What is required
What are the lines below, starting at the line containing "This work emerges" and ending at the line containing "Figs. 24–27. Echinophallus"? Write them out exactly, ends included, without pictures.

Working data
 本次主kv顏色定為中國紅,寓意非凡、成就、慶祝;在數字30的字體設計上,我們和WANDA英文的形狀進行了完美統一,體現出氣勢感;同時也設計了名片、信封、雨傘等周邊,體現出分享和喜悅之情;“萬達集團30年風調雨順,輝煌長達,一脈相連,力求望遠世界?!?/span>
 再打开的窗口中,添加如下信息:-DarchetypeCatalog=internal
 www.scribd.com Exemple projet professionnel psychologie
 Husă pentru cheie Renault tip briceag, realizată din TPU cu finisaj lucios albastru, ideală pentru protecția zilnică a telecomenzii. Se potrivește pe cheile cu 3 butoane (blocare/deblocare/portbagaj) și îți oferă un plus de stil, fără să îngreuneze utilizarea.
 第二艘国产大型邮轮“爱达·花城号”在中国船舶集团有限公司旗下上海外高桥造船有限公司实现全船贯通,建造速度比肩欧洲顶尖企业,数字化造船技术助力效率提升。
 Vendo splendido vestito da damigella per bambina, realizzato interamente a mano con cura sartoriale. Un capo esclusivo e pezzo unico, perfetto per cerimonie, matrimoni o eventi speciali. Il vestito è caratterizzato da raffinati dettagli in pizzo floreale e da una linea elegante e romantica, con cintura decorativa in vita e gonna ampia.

...

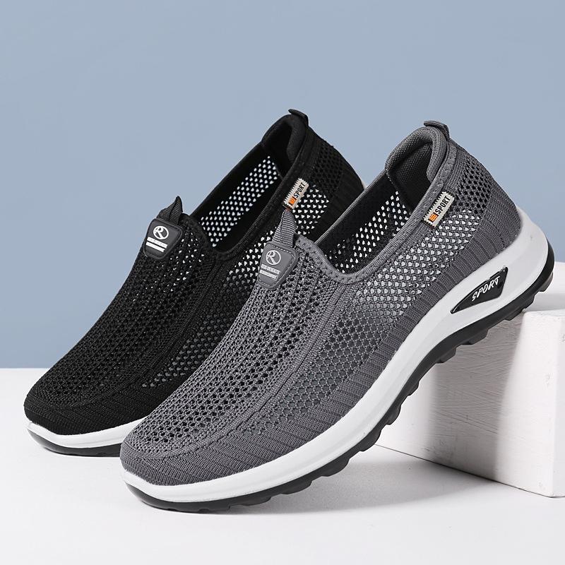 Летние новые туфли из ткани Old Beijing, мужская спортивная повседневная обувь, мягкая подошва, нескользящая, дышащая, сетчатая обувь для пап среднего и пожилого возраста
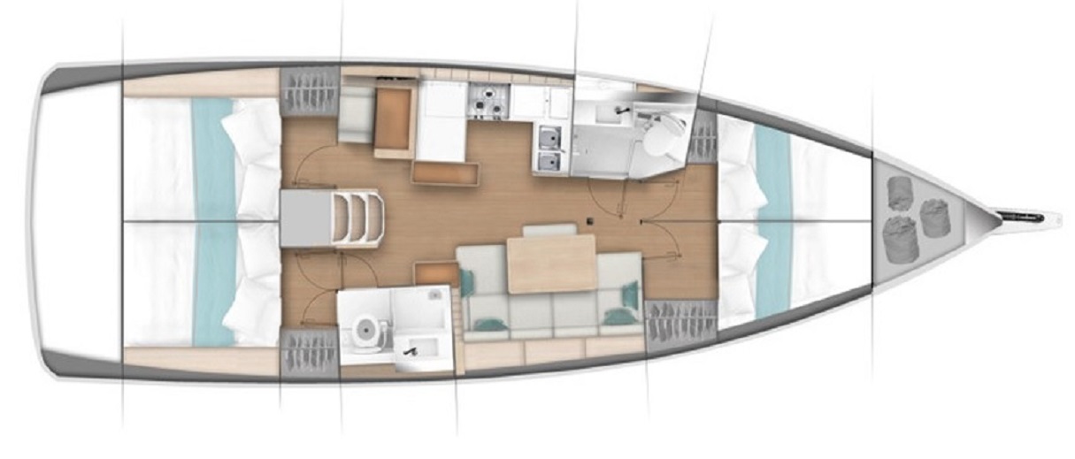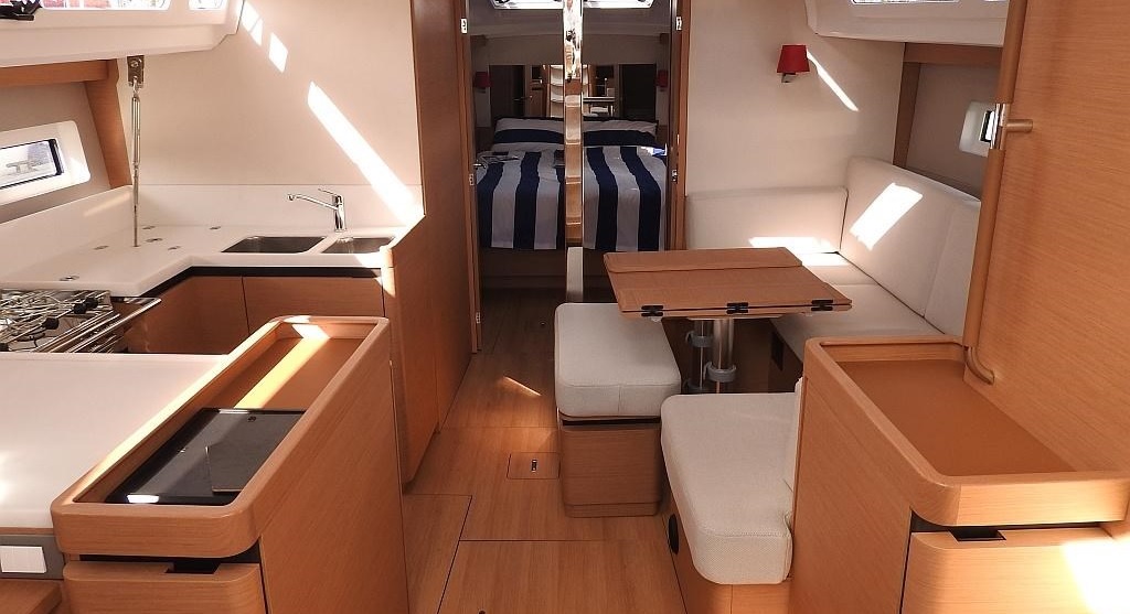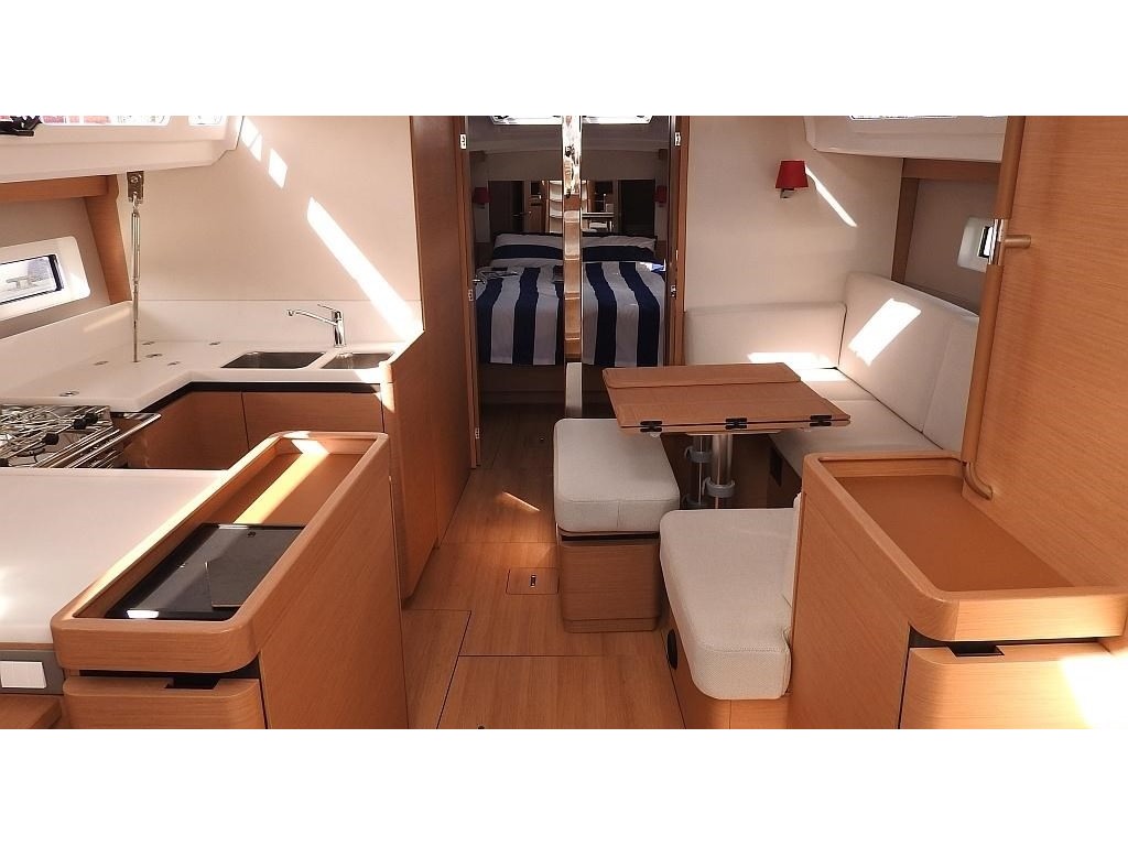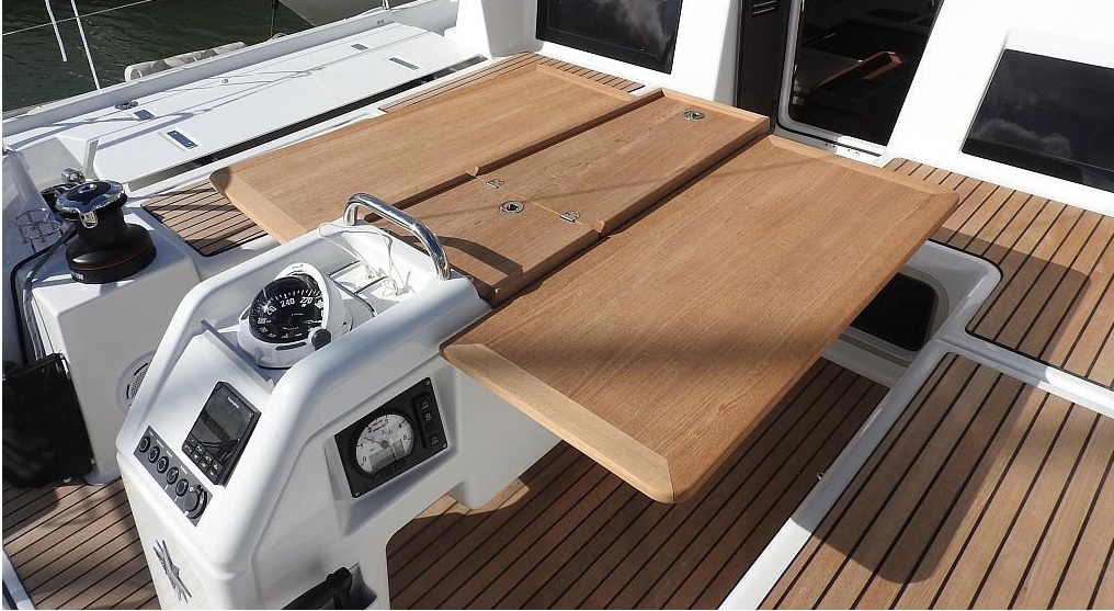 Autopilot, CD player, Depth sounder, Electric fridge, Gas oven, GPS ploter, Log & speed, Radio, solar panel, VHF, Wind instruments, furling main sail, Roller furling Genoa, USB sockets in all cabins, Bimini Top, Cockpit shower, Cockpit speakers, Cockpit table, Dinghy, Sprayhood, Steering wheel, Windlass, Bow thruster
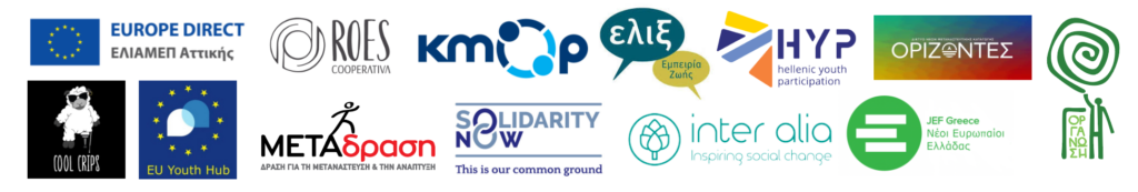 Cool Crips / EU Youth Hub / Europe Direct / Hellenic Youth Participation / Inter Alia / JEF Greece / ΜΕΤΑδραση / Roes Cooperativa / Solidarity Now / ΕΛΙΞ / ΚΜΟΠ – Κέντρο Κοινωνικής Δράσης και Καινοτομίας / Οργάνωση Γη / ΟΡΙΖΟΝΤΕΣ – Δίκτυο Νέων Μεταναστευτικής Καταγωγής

* * *

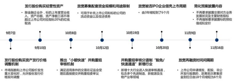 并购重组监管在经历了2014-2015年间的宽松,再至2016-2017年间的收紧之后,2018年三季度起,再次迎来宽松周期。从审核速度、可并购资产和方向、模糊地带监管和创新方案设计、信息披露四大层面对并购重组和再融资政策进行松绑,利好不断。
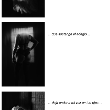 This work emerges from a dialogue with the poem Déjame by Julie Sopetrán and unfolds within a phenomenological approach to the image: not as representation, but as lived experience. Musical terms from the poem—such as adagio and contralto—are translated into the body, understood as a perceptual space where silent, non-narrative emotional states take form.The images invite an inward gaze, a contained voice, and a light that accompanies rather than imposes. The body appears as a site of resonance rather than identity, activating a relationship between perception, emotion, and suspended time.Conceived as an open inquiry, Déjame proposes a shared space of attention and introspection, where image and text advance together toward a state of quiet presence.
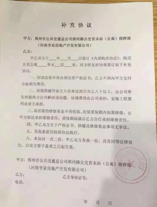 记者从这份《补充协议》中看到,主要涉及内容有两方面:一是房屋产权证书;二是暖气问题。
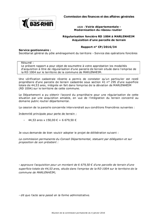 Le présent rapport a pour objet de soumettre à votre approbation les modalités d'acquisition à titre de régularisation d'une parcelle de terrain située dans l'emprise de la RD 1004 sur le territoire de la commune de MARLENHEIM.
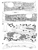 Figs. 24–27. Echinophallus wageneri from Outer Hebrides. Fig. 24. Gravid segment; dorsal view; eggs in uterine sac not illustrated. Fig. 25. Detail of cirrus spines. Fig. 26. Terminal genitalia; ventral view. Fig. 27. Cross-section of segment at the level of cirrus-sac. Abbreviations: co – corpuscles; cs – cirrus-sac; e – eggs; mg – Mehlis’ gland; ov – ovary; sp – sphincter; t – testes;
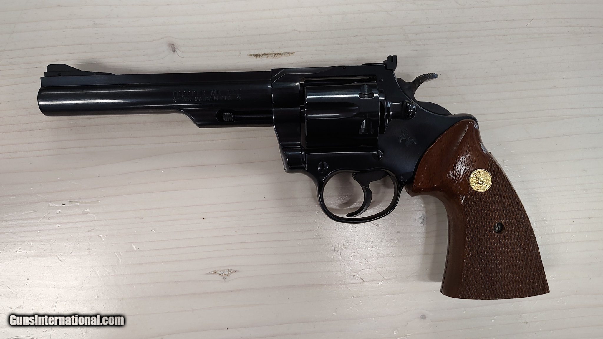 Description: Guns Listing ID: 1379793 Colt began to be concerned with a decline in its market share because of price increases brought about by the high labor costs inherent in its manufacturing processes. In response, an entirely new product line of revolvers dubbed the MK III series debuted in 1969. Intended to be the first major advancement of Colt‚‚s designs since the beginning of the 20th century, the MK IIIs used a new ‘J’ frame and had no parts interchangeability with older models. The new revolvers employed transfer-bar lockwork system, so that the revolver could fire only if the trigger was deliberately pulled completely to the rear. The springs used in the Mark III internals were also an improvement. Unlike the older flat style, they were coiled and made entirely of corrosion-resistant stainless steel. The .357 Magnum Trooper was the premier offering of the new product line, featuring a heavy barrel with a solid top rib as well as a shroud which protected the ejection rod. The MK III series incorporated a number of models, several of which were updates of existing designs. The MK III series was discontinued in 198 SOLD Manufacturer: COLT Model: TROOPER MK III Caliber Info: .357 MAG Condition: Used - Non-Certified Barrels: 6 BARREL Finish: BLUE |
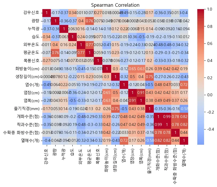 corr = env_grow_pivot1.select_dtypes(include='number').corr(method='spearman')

Answer area
 This work emerges from a dialogue with the poem Déjame by Julie Sopetrán and unfolds within a phenomenological approach to the image: not as representation, but as lived experience. Musical terms from the poem—such as adagio and contralto—are translated into the body, understood as a perceptual space where silent, non-narrative emotional states take form.The images invite an inward gaze, a contained voice, and a light that accompanies rather than imposes. The body appears as a site of resonance rather than identity, activating a relationship between perception, emotion, and suspended time.Conceived as an open inquiry, Déjame proposes a shared space of attention and introspection, where image and text advance together toward a state of quiet presence.
 记者从这份《补充协议》中看到,主要涉及内容有两方面:一是房屋产权证书;二是暖气问题。
 Le présent rapport a pour objet de soumettre à votre approbation les modalités d'acquisition à titre de régularisation d'une parcelle de terrain située dans l'emprise de la RD 1004 sur le territoire de la commune de MARLENHEIM.
 Figs. 24–27. Echinophallus wageneri from Outer Hebrides. Fig. 24. Gravid segment; dorsal view; eggs in uterine sac not illustrated. Fig. 25. Detail of cirrus spines. Fig. 26. Terminal genitalia; ventral view. Fig. 27. Cross-section of segment at the level of cirrus-sac. Abbreviations: co – corpuscles; cs – cirrus-sac; e – eggs; mg – Mehlis’ gland; ov – ovary; sp – sphincter; t – testes;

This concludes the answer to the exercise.